Research on the station-to-station level can be considered an extension of that on the station level. The mentioned explanatory variables were calculated for both the origin and destination. Moreover, the station-to-station level ridership is affected by traffic impedance factors, including transfer times, detours, and route distance [3236].

Most TOD development guides and related studies described the TOD as an area with a multicircle spatial structure (shown in Figure 1) and emphasized the development of differences according to the different circles of TOD. Several studies have divided the station catchment into multiple buffer bands and modelled the impact of the built environment on passenger flows within each buffer band. Gutiérrez et al. [37] developed distance-decay weighted regression using the mobility survey to forecast the Madrid metro ridership. They found that the effect of built environment factors on ridership changed with different buffers. Similar experiments conducted by Manout et al. [38] in Lyon also yielded the same conclusion. The built environment factors in the buffer zones of 0–300 m, 300–600 m, and 600–900 m were counted by Jun et al. [15], and the geographically weighted regression models were calibrated to explore the impact of land use characteristics in these buffer zones on ridership at the station level. The results showed that only the population and land use mix significantly affect the ridership in the 0–300 m and 300–600 m buffers. Pan et al. [21] conducted a questionnaire survey of 33 sites and 11 neighborhood units in Beijing and collected 300 responses to analyze the influence of shopping facilities within seven circles on the willingness of residents to shop around the nearest metro station. The results from the model revealed that the influence of different shopping facilities on residents’ shopping trip willingness varies with different circles in three aspects: significance, sign, and value.

Regarding the models that examine the relationship with ridership, the direct ridership models (DRMs) are popular owing to the minimal data requirement and easy application. Initially, the relationship between the built environment and metro ridership was assumed to be linear or log-linear [15, 37, 39]. With the development of data mining methods, the traditional linear model has gradually been supplemented by machine learning models. These models have better predictive and explanatory capabilities.
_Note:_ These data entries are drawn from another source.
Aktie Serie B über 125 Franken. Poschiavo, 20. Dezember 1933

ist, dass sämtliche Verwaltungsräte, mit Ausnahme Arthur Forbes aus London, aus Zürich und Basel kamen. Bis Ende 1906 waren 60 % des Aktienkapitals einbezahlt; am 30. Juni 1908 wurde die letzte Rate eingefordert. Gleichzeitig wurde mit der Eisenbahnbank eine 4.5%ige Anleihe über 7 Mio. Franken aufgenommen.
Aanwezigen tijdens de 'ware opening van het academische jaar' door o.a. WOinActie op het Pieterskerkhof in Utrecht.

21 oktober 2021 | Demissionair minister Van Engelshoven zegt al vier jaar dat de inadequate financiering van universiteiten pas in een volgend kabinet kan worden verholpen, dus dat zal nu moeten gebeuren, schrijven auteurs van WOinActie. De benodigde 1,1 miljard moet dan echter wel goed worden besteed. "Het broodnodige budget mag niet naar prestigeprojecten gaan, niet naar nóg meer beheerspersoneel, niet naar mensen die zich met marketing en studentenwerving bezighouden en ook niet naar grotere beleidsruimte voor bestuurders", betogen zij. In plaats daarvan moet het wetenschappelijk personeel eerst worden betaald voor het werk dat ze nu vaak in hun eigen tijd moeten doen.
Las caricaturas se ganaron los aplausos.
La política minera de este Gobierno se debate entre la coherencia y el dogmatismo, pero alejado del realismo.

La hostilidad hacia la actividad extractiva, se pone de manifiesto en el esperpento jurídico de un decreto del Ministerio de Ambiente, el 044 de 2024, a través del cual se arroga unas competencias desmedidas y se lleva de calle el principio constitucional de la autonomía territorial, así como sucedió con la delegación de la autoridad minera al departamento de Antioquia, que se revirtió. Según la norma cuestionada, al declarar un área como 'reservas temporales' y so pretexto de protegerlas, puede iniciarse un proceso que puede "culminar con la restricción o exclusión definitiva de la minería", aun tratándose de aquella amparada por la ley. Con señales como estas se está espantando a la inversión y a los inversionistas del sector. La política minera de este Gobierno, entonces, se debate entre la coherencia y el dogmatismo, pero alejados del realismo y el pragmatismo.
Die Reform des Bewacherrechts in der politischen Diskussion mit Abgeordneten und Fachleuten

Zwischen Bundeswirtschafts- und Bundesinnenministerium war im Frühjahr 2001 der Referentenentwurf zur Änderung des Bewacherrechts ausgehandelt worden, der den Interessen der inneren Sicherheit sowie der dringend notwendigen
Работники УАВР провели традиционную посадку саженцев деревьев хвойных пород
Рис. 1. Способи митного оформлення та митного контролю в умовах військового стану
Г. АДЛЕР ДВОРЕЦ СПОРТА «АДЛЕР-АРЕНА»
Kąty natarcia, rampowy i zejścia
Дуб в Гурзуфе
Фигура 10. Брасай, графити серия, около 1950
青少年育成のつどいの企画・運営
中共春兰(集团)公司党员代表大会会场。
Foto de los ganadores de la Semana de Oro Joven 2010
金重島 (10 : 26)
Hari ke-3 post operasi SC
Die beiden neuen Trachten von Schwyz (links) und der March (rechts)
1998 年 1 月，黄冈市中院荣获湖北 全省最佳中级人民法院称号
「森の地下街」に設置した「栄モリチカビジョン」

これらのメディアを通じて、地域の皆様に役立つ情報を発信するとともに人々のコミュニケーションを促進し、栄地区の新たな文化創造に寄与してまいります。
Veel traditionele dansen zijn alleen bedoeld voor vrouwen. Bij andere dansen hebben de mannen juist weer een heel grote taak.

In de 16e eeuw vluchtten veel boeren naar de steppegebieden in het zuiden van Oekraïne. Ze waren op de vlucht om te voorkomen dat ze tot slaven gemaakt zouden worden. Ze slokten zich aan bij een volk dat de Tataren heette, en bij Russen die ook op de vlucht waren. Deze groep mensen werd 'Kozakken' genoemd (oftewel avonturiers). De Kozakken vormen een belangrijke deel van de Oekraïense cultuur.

For example, tree-based models have been developed in related studies because they are more adept at dealing with nonlinear relationships [28, 34, 40, 41]. However, successful machine learning models require extensive expertise in capturing highly accurate features whenever possible. For metro ridership, it is difficult to achieve high-quality feature engineering manually. Thus, deep learning models are widely used in transportation because of their excellent performance in feature extraction. For example, recurrent neural network (RNN) models, which are suitable for modelling dynamic temporal dependency occurring in time series, were widely used to predict ridership in isolated metro stations or lines [42, 43]. As convolutional kernels of different sizes can extract spatial dependencies of features by automatically learning from the data, convolutional neural networks are often used for ridership prediction at large spatial scales [44].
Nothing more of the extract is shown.